I played around the Python shell and noticed the function name was in the string representation of the function object:

>>> alice
<function alice at 0x7fb5ad0db040>

So I used the first way I could think of to parse the function name in my solution:

def register(f):
    function_name = f.__str__().split(" ")[1]
    registry[function_name] = f
    return f

This gave me the output I wanted, but I asked gilch if there was a simpler way to get the function names. Gilch's solution was:

def register(f):
    registry[f.__name__] = f
    return f

I didn't know __name__ existed.

Gilch remarked,

Technically, you don't need the return f to make the tests pass, but it's an important point that a decorator could leave the function as-is and just have a side effect. If we didn't have the return line, they'd all be set to None in the module, but the registry would still have the originals."

Me:

Oh it took me a moment to get why this was the case. At first I thought the functions were being passed in by value, but that didn't seem right. Then I thought they were passed in by reference, and variables alice bob and charlie would still point to the functions when the decorator was run, but that still didn't explain why we were able to use the functions in the test case. I visualized the code on Python Tutor and realized that, upon reassignment, while alice bob and charlie were no longer pointing at the functions, the function objects themselves still existed, and were (only) accessible through the dictionary."

Python Objects in Memory

Noticing my confusion, gilch started talking about how objects were stored in memory in Python:

Thinking about pass-by-value/reference in Python like you do in C will confuse you. Python has a simpler and more consistent model. The only things on the call stack are references to objects on the heap. There are no stack objects in Python. Calls always copy the references used as arguments to the next stack frame.

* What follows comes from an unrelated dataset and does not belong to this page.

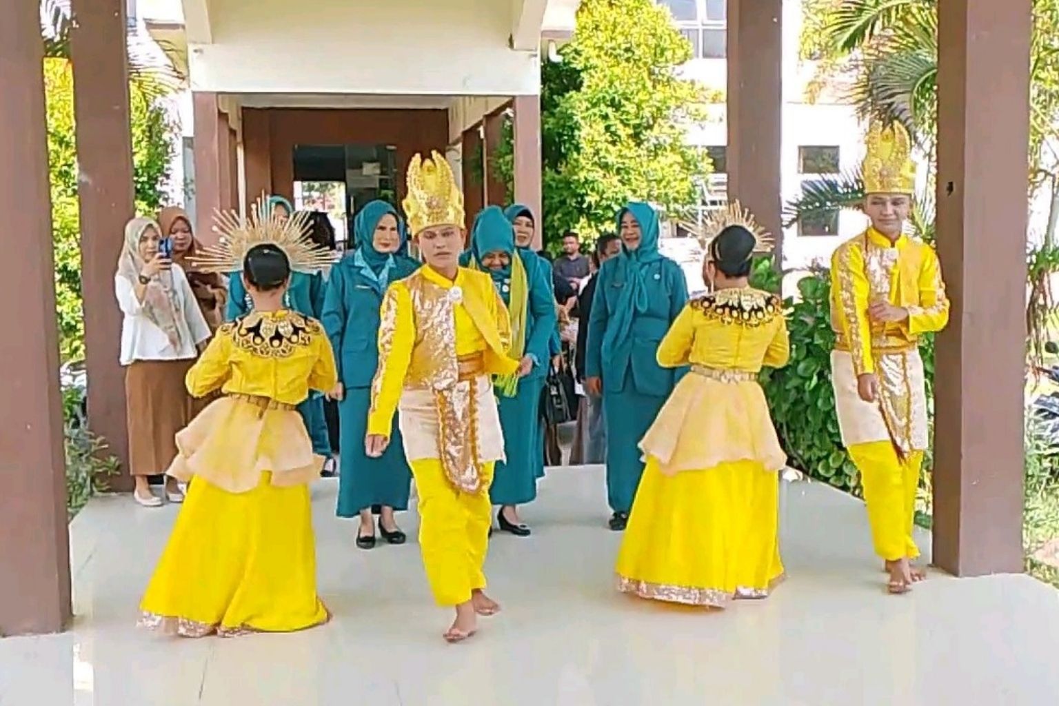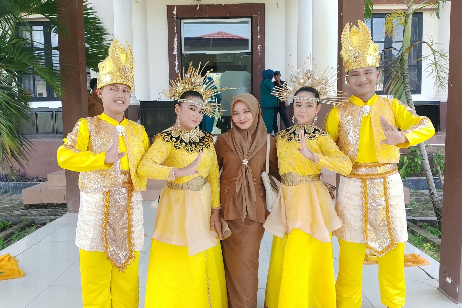 Dalam kesempatan tersebut, empat siswa kreatif asuhan Guru Seni Budaya, Pratiwi Harun, S.Pd., yakni Firman Jafar, Ansar Imran, Mutiara Tarua, dan Valensia Opanto, turut berperan dalam menyambut tamu kehormatan. Mereka mengenakan busana kreasi berwarna kuning keemasan, warna yang identik dengan adat Gorontalo dan sarat makna budaya.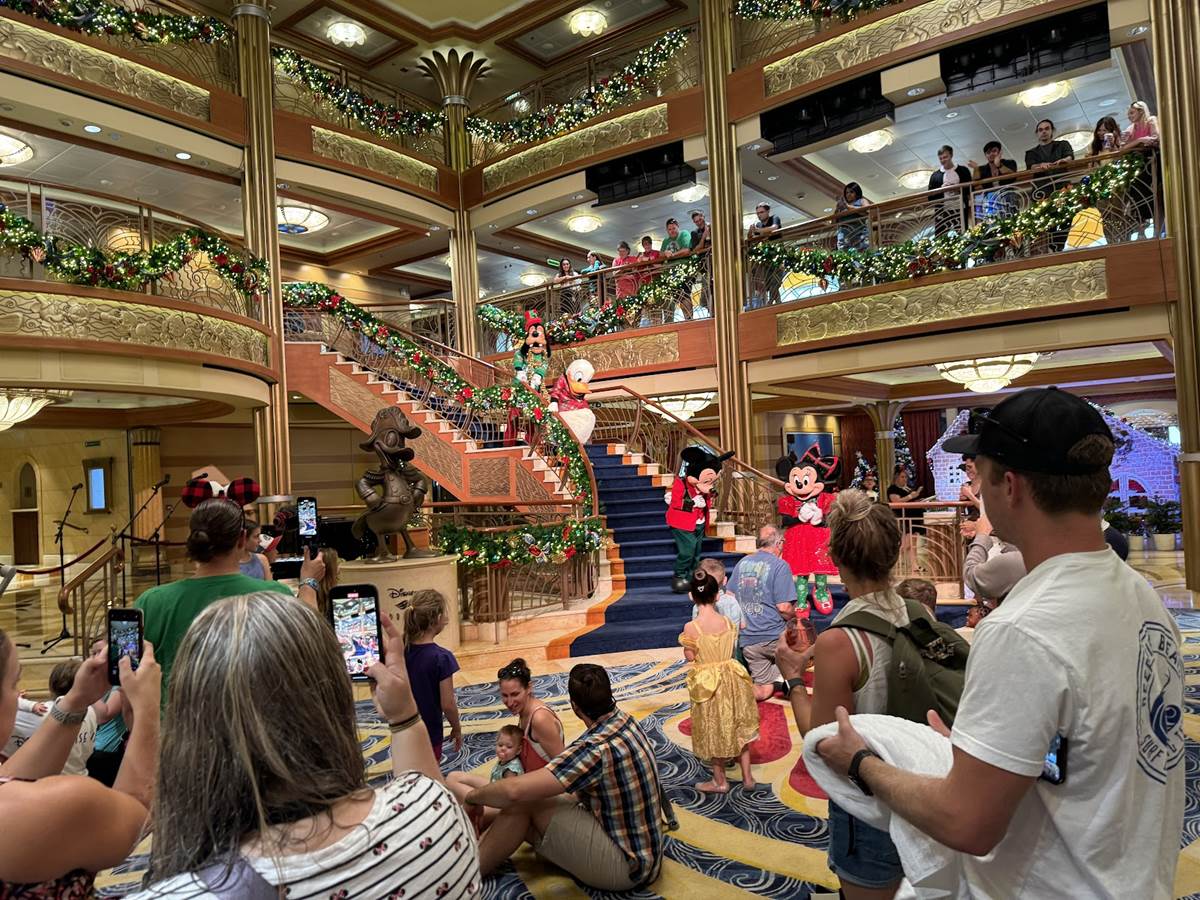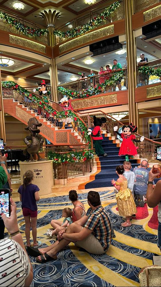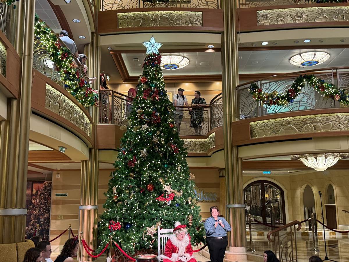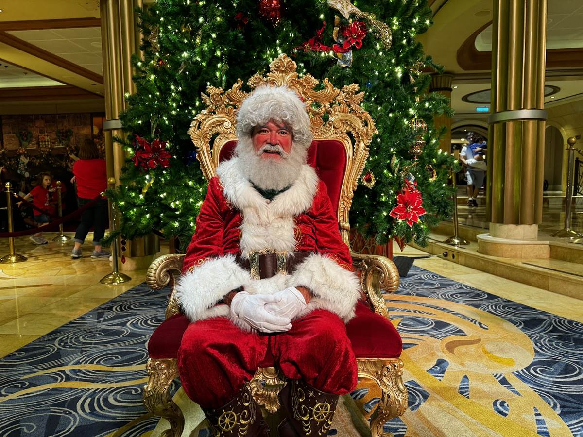 However, it’s Mrs. Claus who steals the show in our video above as she entertains guests in the atrium reading some classic holiday stories to those aboard the Disney Dream.

When asked about whether this also applied to small types like boolean or int:

Yes. In Java terminology, these are boxed. Python has no "primitives". The closest you can get to unboxed objects are numpy arrays.

I was surprised to learn this, because some pieces in my mental model have come from Python Tutor, which displays complex objects such as functions and arrays as references on the stack, but integers and strings as values on the stack:

Gilch noted that "Python Tutor has an option to 'render all objects on the heap (Python/Java)'."

Constants (Only One Copy in Memory)

Gilch:

I may be fuzzy on all of the details of Python's internals. But True and False are constants. There are only ever one of them each per interpreter session. You can get the memory address of a reference using the id() builtin.

>>> id(True)
140735313696872
>>> x = True
>>> id(x)
140735313696872
>>> def foo(z):
    print(id(z))
    def bar(y):
        print(id(y))
    bar(z)

>>> foo(x)
140735313696872
140735313696872

A More Difficult Puzzle

As before, the format of the puzzles is that I'm allowed to add any code before the given code snippet to produce the specified output.

@run_with.fixture
def foo():
    return [42,'eggs']

@run_with.fixture
def bar():
    return {'z':'Q', 'foo':2, 42:'forty-two', 'eggs':'spam'}

@run_with
def test1(foo, bar):
    while foo:
        del bar[foo.pop()]
    print(bar)

@run_with
def test2(foo, bar):
    for k in foo:
        print(bar[k])
>>> test1()
{'z': 'Q', 'foo': 2}
>>> test2()
fourty-two
spam

Attempt 1

I saw @run_with.fixture, so I thought "class method", and when I saw @run_with, I thought I'd need to re-purpose a constructor.

class run_with:
    def __init__(self, f):
        self.fixtures = {}
        return f

    def fixture(self, f):
        self.fixtures[f.__name__] = f()

This did not work:

Traceback (most recent call last):
  File "code.py", line 11, in <module>
    def foo():
TypeError: fixture() missing 1 required positional argument: 'f'

So I thought, I'd just make everything a class method instead of an instance method:

class run_with:
    fixtures = {}  # took this out of __init__
    def __init__(f):  # attempted to make __init__ a class method by removing `self`
        return f

    def fixture(f):  #  attempted to make fixture a class method by removing `self`
        fixtures[f.__name__] = f()

Didn't work either:

Traceback (most recent call last):
  File "code.py", line 11, in <module>
    def foo():
  File "code.py", line 7, in fixture
    fixtures[f.__name__] = f()
NameError: name 'fixtures' is not defined

I think I was not making class variable the right way. In addition, I also couldn't return anything in a constructor.

Gilch:

__init__ is not a constructor. That's a common misconception. By the time __init__ is called, there is already a self, so the object has been constructed already. __init__ is instead the default initializer. The constructor is actually __new__. __init__ is required to return None. I see that you're not using the terms "class method" and "instance method" correctly. We'll need to cover that later. That, or you understand what they mean, but not how to actually implement them. Either way. Making a class is one of the ways to solve this one, but you might be missing an important piece to do it that way.

I had another idea:

class run_with:
    fixtures = {}
    def __new__(f):  # used __new__ instead of __init__
        return f

    def fixture(f):
        run_with.fixtures[f.__name__] = f()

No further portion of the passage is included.